Mariana asintió. Iba a marcharse, pero le tentaba una curiosidad y decidió satisfacerla. No se iría sin hacerle al fraile la pregunta.

—Padre Anselmo, antes ha dicho que Dios nos hizo libres.

—Así es, hija, así es. Libres para poder decidir.

—Entonces, ¿es justo que alguien nos prive de esa libertad?

Fray Anselmo meditó antes de responderle con otra pregunta:

—¿Te refieres a las disposiciones del gobierno?

—Sí, padre.

—Jesucristo no se inmiscuyó en los politiqueos de su tiempo y eludió pronunciarse a favor o en contra de los romanos que ocupaban Judea.

A Mariana le decepcionó la respuesta del fraile. Dio media vuelta y se marchaba cuando el carmelita añadió:

—Pero me parece que no gritaría eso de «¡Vivan las cadenas!».

Mariana se volvió y le dio las gracias.

—Si necesitas consuelo en las tribulaciones que Dios nos envía o simplemente tienes ganas de desahogarte, puedes venir cuando quieras. Dada mi edad, el padre prior me guarda ciertas consideraciones. No tengo que acudir a algunos rezos y tampoco realizar ciertas tareas. Salvo los domingos y fiestas de guardar, me vengo a la iglesia y dedico un rato a la meditación después del almuerzo. Aquí me encontrarás, mientras Dios quiera tenerme en este mundo.

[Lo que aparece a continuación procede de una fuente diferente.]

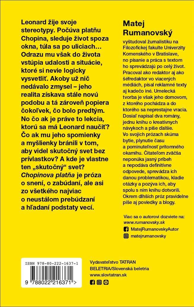 Pochopiteľne, nešlo iba o gramofón ako taký, teda o nečinný stroj, ktorý by Leonarda prinútil popíjať kávu v obývačke namiesto kuchyne. Hneď ako uložil tácku na stolík, pobral sa k polici s vinylovými platňami, z ktorej už tradične vybral dolámaný obal s bielymi okrajmi a z neho čiernu platňu Chopinových Nocturnes, ktoré mu jej prostredníctvom už roky hrával poľsko-americký klavirista Arthur Rubinstein. Bolo zrejmé, že túto platňu počúval Leonard zo všetkých najradšej – naznačoval to tak fyzický stav obalu, ako i stav samotnej platne, ktorá už, skrátka, nemohla podávať výkon ako nová. Zvuk preto nebol ani čistý, ani taký poetický ako Chopinova pôvodná tvorba, Leonard však od prvého počutia nepostrehol zmenu. Tie skladby poznal už naspamäť (aspoň si to myslel) a to, čo by počul niekto nezainteresovaný, nezodpovedalo tomu, čo počul on. Je to, ako keď rodičom rastie pred očami dieťa, ktoré sa im zdá stále rovnako „malé“, no až niekto zvonku, kto ho zopár mesiacov nevidel, dokáže povedať, „ako veľmi vyrástlo“ alebo „aké je už veľké“. Možno aj Leonard by zostal nakoniec prekvapený, keby počul Chopinovu skladbu z cédečka alebo z novej platne, kde by oné praskania a hluché miesta nahradil odrazu čistý a nový tón.
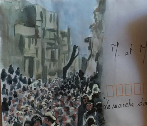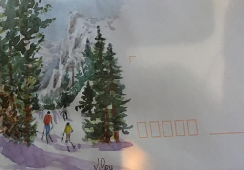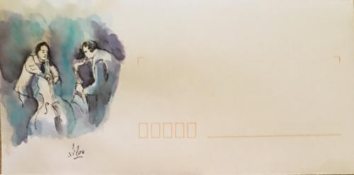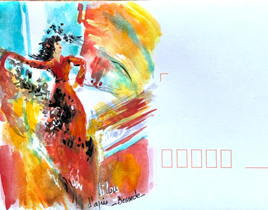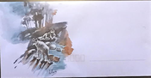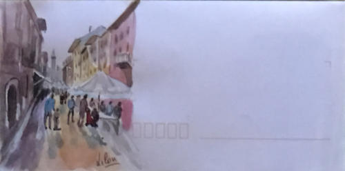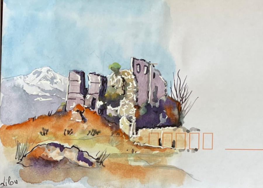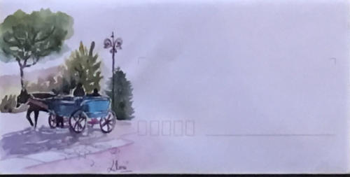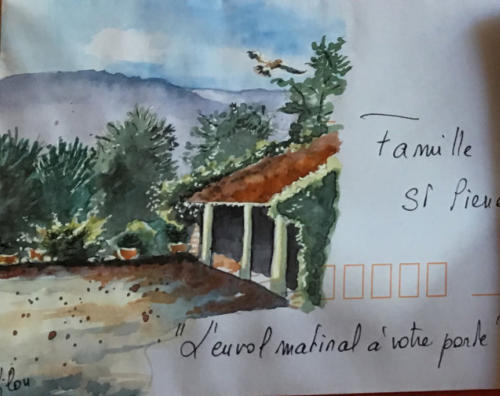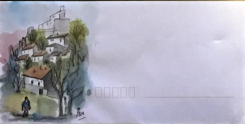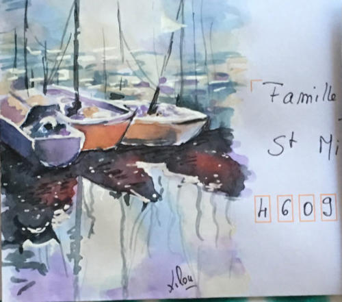 Pour tout courrier expédié une mini aquarelle est réalisée.

Mariana le dedicó una sonrisa y lo vio perderse por una puertecilla, luego se encaminó hacia la salida del templo, pero al acercarse a la puerta una sombra salió de debajo de la pila del agua bendita. Mariana temió que se abalanzara sobre ella, pero se perdió rápidamente por el cancel. Se quedó unos segundos paralizada. Por el salto tenía que tratarse de un hombre y le pareció desgarbado, pero la penumbra en la que estaba sumido el templo le impidió percibirlo bien. Miró bajo la enorme concha de la pila y advirtió que había algo. Se acercó temerosa y comprobó que era otra persona. Estaba como acurrucada, inmóvil, como si no le hubiera dado tiempo a huir. Tenía la cabeza hundida entre los hombros y resultaba difícil distinguir si se trataba de un hombre o una mujer. Mariana iba a gritarle algo, pero se desplomó en el suelo. Era un hombre que la miraba con ojos vidriosos y una mueca desagradable en la boca. Tenía las manos atadas con una cuerda y una cartela colgada al cuello. Estaba muerto.

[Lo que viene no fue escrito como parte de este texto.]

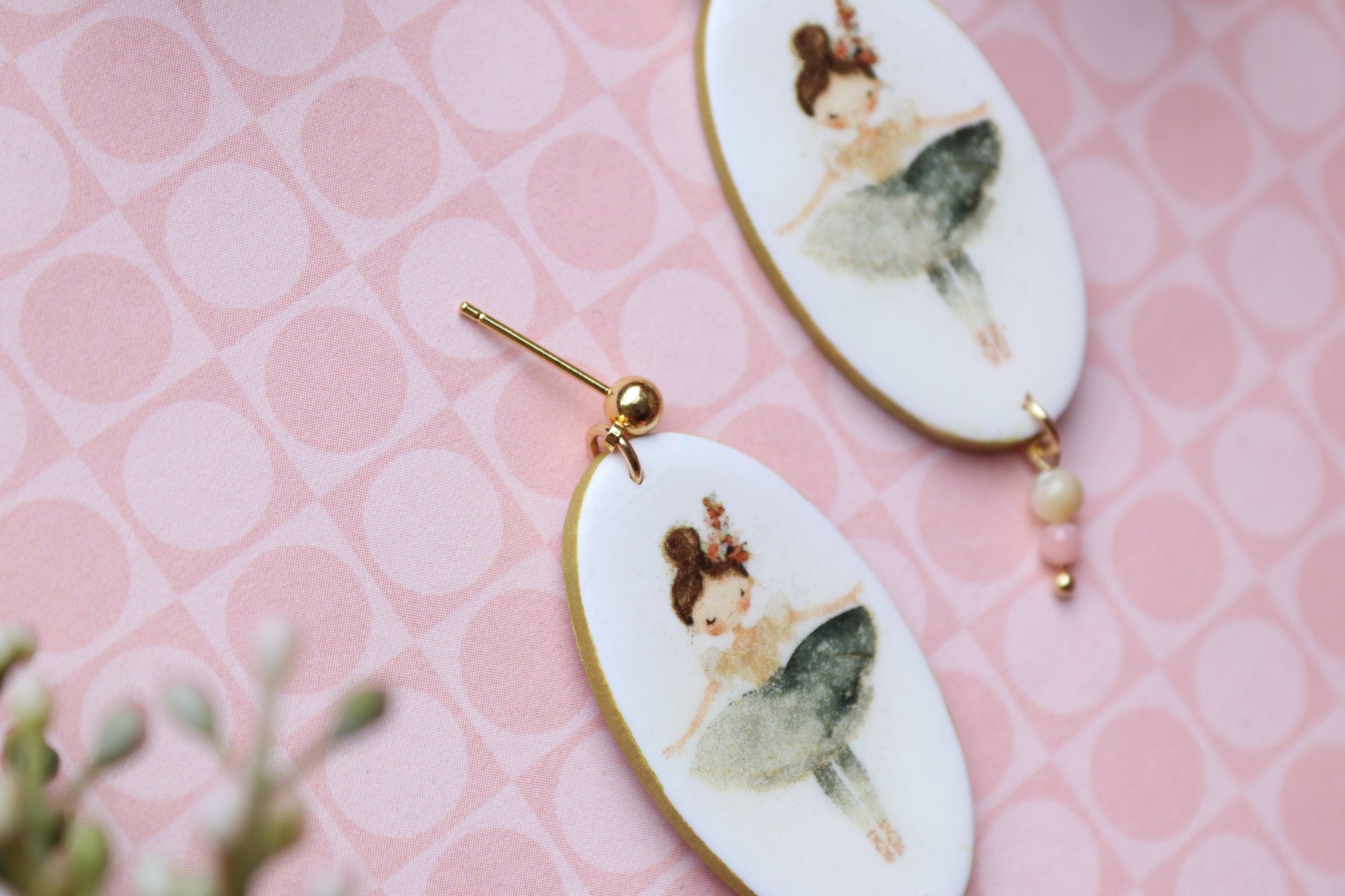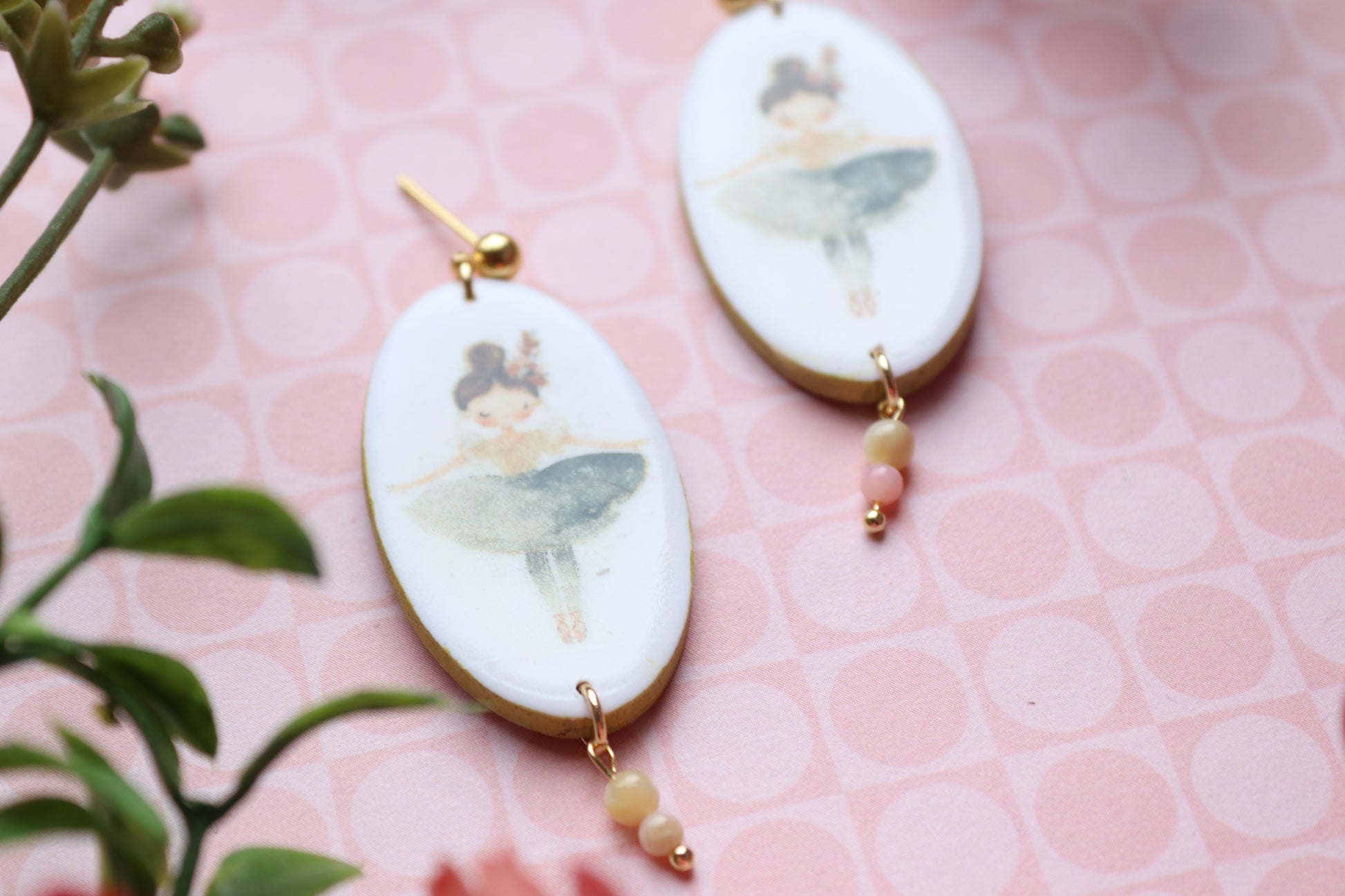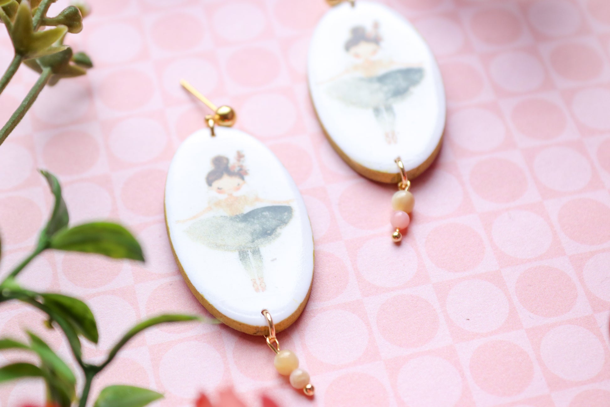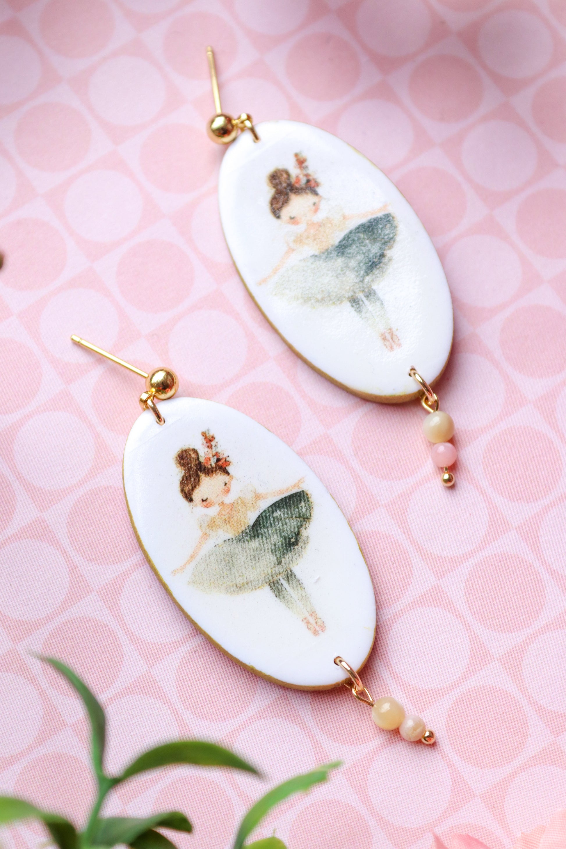 I have fond memories of going to see my cousin Haley in the local production of The Nutcracker growing up, and these beauties remind me of that experience! Gold edges and mother of pearl beads complete these quintessential holiday earrings.

Cuando se recuperó de la impresión, salió a toda prisa de la iglesia, pero en la calleja sólo vio a una pareja de mujeres que conversaban tranquilamente a la puerta de una casa. Se acercó y les preguntó:

—¿Llevan aquí mucho rato?

Las mujeres la miraron suspicaces, pero una de ellas advirtió la palidez mortal que se había apoderado del semblante de Mariana.

—¿Le ocurre algo?

—¿Han visto pasar a un hombre?

—No ha pasado nadie, aunque mi comadre Rita y yo acabamos de asomarnos.

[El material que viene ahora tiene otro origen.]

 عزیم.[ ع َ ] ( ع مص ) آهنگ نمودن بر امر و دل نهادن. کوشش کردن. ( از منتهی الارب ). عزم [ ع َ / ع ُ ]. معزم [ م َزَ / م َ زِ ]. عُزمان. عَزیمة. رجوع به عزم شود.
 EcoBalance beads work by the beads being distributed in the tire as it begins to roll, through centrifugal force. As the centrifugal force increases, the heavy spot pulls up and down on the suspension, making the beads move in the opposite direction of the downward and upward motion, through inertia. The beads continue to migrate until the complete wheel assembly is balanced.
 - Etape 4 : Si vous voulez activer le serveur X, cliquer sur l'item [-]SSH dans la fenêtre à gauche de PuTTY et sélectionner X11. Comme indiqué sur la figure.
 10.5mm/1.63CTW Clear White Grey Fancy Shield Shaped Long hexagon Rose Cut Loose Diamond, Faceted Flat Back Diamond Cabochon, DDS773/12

Entonces fue la comadre Rita quien le dijo:

—Bueno, cuando salíamos al zaguán he visto pasar a un hombre corriendo a toda prisa. Ha debido de irse por aquella esquina —dijo señalando el recodo que formaba el campanario.

—También yo lo he visto —corroboró la otra—. Me ha parecido delgaducho y que vestía completamente de negro. ¿Le ha robado, ese granuja?

—No, no. Supongo que no lo han visto entrar a la iglesia.

—Ni entrar ni salir. Sólo correr hacia donde le acabo de decir.